28號,《亮劍》迎來了大結局。
戰爭結束了,劇情漸漸有些平淡。
不過即便如此,連着追了快半個月的觀衆們,還是準時守在了電視機前。
這回沒有張白露這個角色,李雲龍沒有出軌,不然就是侮辱了這個角色。
但是田雨這個大家閨秀,和李雲龍這個大老粗,因爲經歷、認知不同,也偶爾會鬧點矛盾。
都還在磨閤中,新社會和剛從舊時代走過來的老百姓之間也需要磨合。
可這只是開始,趙剛來探望李雲龍,兩人去幼兒園接孩子。
“爸爸,幹嘛不把咱家的汽車開來接我們呀。”
孩童的無知之言,也讓趙剛和李雲龍深深擔憂起來。
“勝利只是第一步,離成功還早着啊。”
“很多老百姓溫飽都沒有解決,有些....”
“以史爲鑑啊!”
不止是正直有抱負的趙剛,李雲龍也不是原版只知道打仗的粗人。
紅大、抗大一路走來,又有趙剛這個思想先進的燕大學生在身邊,也成長了很多。
不過,也就是短短一段對話而已。
55年授銜,鐵三角不滿只有一顆星鬧情緒,李雲龍被叫到院長辦公室一通訓。
看到連天王老子都不放在眼裏的李雲龍,在老首長面前乖巧的模樣,觀衆們都有些想笑。
軍銜這塊,宋新沒改。
因爲按評級要求,他們三個都沒有兩星的資格。
畢業論文、授銜。
穿着新式禮服的李雲龍在紅旗下敬禮,新的時代到來了。
《亮劍》完美收官,平均收視率也衝破了30%,不過最高收視率還是停留在平安格勒戰役的41.7%。

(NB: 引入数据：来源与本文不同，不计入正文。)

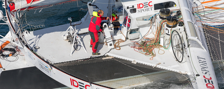 Son fidèle trimaran IDEC SPORT a profité dans cette optique d’un important chantier hivernal centré sur la fiabilisation. Le maxi-trimaran a été remis à l’eau vendredi 5 avril à Vannes puis a retrouvé cette semaine son port d’attache de la Trinité-sur-Mer.
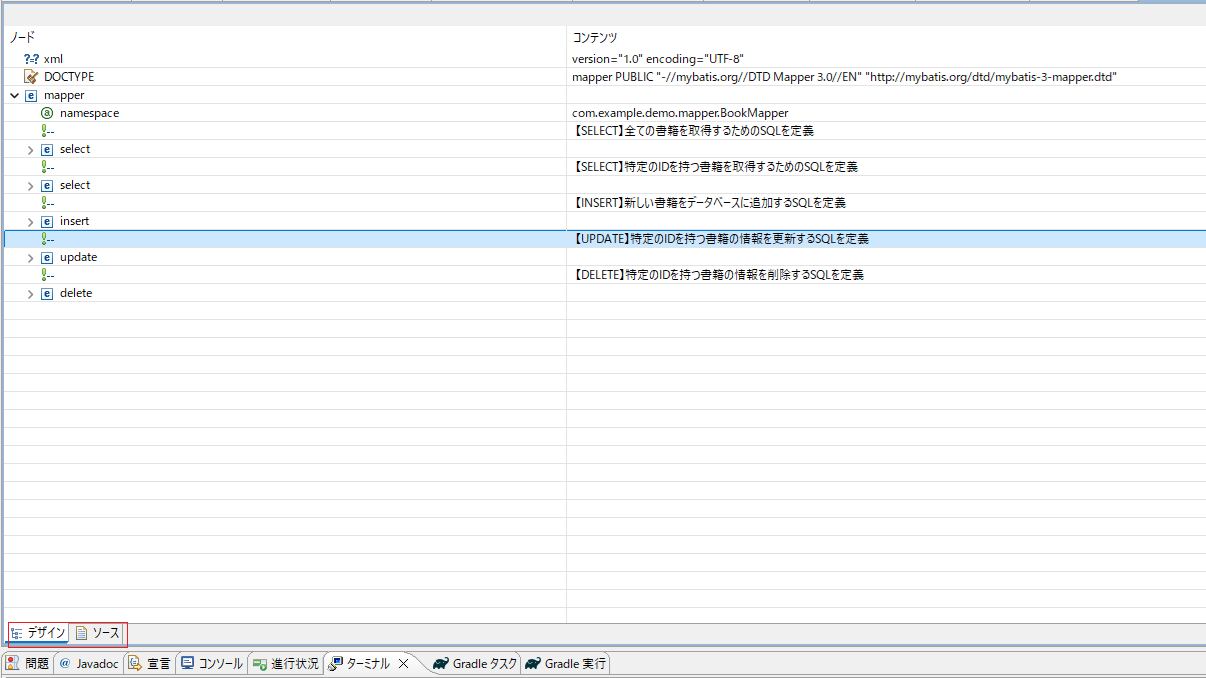 xmlファイルを開き、以下のような表示だとデザインモードです。デザインモードとソースモードを赤色で囲っているタブで切り替えることができます。
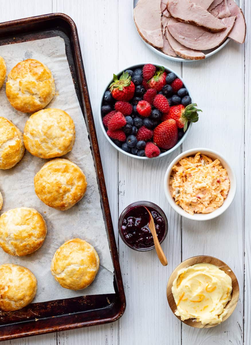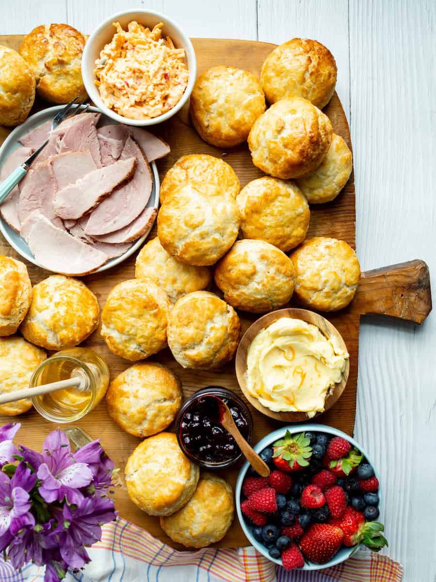 - Homemade biscuits - If you're not in the mood to bake biscuits from scratch, store-bought bakery biscuits or a bag of frozen biscuits (I love Mama Mary's) are a great way to take a shortcut. You can also substitute mini croissants, split and toasted English muffins, or even scones for a slightly sweeter board.

首輪播放結束,也各大媒體也給電視劇做了個總結性的評價。
各個讜報、都市報、晚報,幾乎都是一片正面的讚譽。
乘着這股東風,齊魯、江寧、首都,以及剛剛和川西分家的崇慶直轄市,四家電視臺陸續宣佈國慶節接檔播出。
新一輪的播放熱潮又要開始,《返老還童》劇組也離開了蔚海,開始下一個外景地點。
甲午戰爭戲份拍完了,接着是更早的中法戰爭。
外表60多歲男主角同樣也參與了,不過這回不是潰敗,是先勝後敗。
把法蘭西總裏都打下臺了,不過也沒什麼稀奇的,法蘭西作爲格命勝地,年年鬧格命,總裏一年一換,甚至一年換兩三個都是常事。
宋新截取了鎮南關大勝,一場中越邊境大敗法軍的戰爭,後來改名叫友誼關。
還是部隊見聞、戰爭戲各幾個鏡頭。
重點也不是部隊腐敗,剛剛過去的洋務運動還是有效果的。
尤其是太平天國加第二次鴨片戰爭之後,慈禧也意識到了威脅,捨得投入,也還有一批有志之士爲清朝效死。

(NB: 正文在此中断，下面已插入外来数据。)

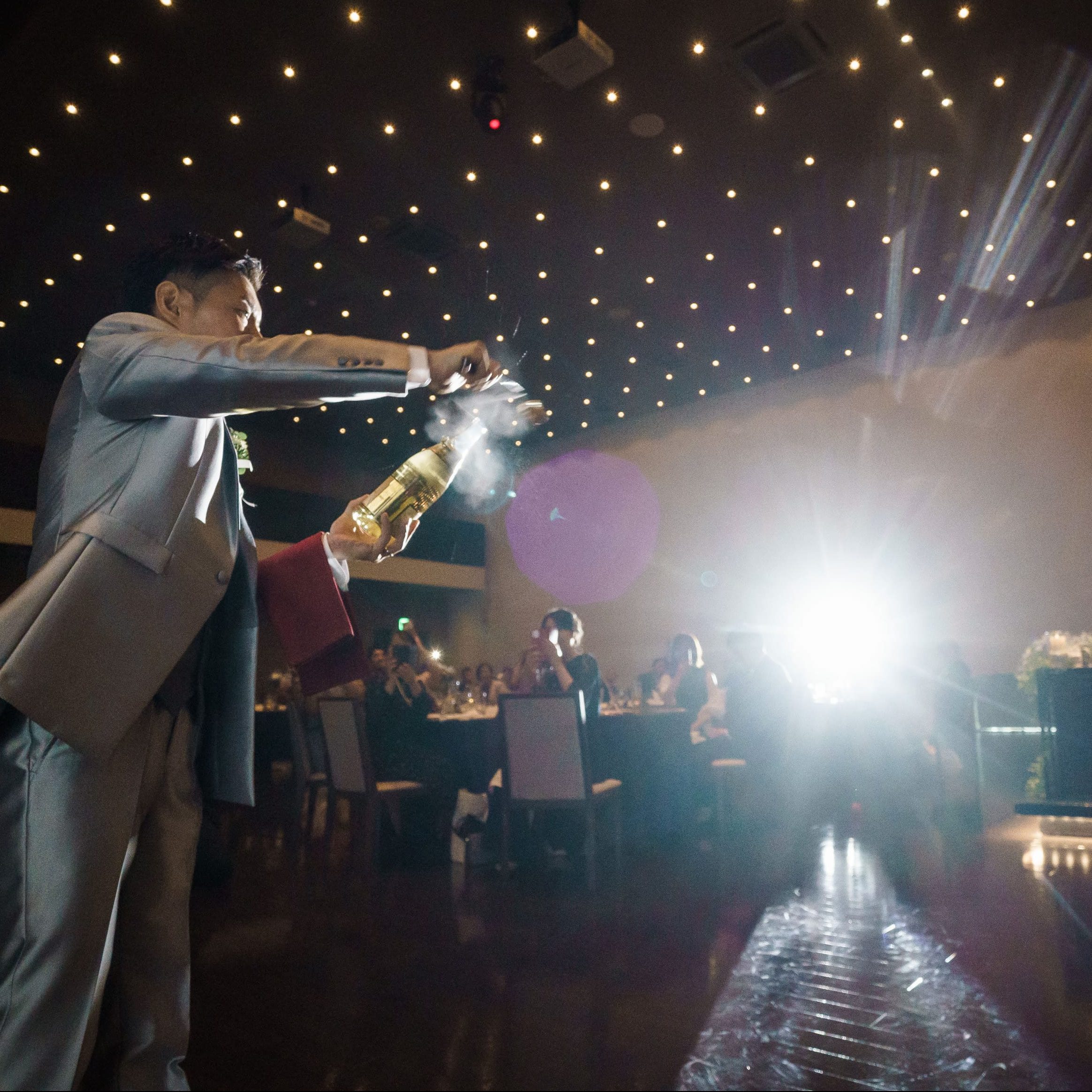 中世フランス海軍が航海の無事と戦いの勝利を願う儀式が由来。現在では、ボトルの口とコルクが一緒に飛んでいくことから結婚式では『一生くっついて離れない』という縁起の良い、華やかな演出のひとつです。

不過,晚清軍隊雖然還沒徹底崩壞,可是清廷,尤其是上層,早就爛掉了。
中法戰爭打贏了,清廷決定乘勝即收。
因爲怕大勝激起老百姓,尤其是漢人的血性和抗爭,威脅到清廷的統治。
《中法條約》誕生,承認了法蘭西吞併安南,西南門戶大開。
打贏了還簽訂喪權辱國的條約,聞所未聞。
宋新給了大勝後將士們,還有男主角,一個滿臉不解、屈辱、迷茫的表情特寫。
中法戰爭比較短,就幾場戲,主要是展現出一下清軍的戰力,和洋務運動的成果。
變法、格命國家才強大,引出洋務運動後的戊戌變法,也激勵着男主角尋求格命的道路。
也是爲了甲午戰爭的潰敗,做個鋪墊和對比。
正是中法戰爭的大勝,擊敗了歐洲列強,讓晚清繼續做着天朝上國的美夢,老佛爺放心地修者園子。
西方國家,也還沒有徹底看穿晚清的虛弱,甚至覺得甲午戰爭晚清能贏。
可誰知道,這個天朝上國,在日笨這個彈丸小國面前,一觸即潰。
短短十年,軍備廢弛至此。
中法戰爭的戲份後,宋新帶着劇組輾轉各地,開始拍攝男主角這些年在民間的一些見聞。
國家的狀態,軍事上最直觀,但是不能只有經濟。
晚清、民國、抗戰時期根據地,三個時期的民生百態都要拍一點鏡頭。
前兩個時期,都是走馬觀花般,跟放幻燈片一樣,一幕幕帶過,總共也花不了幾分鐘。
老百姓住着茅草棚,終日勞作但難以溫飽。
城裏,富家子弟過着奢靡生活,抽鴉片、遛鳥、鬥蛐蛐,出入大酒樓,身邊僕人前擁後簇。
某個大戶人家院內,有悠揚的琴聲傳出來,路邊乞丐衣不蔽體,奄奄一息。
田間、碼頭辛苦工作的人們,面容疲憊,衣衫破爛,笑容中透着麻木。
窮人也染上了大煙,醉生夢死中短暫地忘記了現實的痛苦。
一個個晚清時期底層人生活的鏡頭結束。
民國時期,五四運動就包含進去了,還剩一點拍北伐鏡頭的時候帶一帶,再拍點果軍部隊的軍閥習氣。
10月中旬,宋新來到井崗市,也見到了他的部隊
真的部隊,上面派來支持拍攝的,提前一天在等着了。
兩個營的部隊,這些人足夠了,還有多。
“王團長您好,感謝你們的支持。”
宋新和帶隊的團長打了個招呼,對方很是熱情地抓住他的手:“是我要謝謝宋導啊。”
謝我幹什麼?
宋新有點摸不着頭腦:“您這是?”
“現在有些風氣很不好,軍容軍紀也有大問題,有些連《亮劍》裏的衛生內務、訓練學習都比不上......”
對方有些羞愧地解釋了起來,《亮劍》他看了,初看前面和尚在八路軍生活的時候,也是大爲震驚。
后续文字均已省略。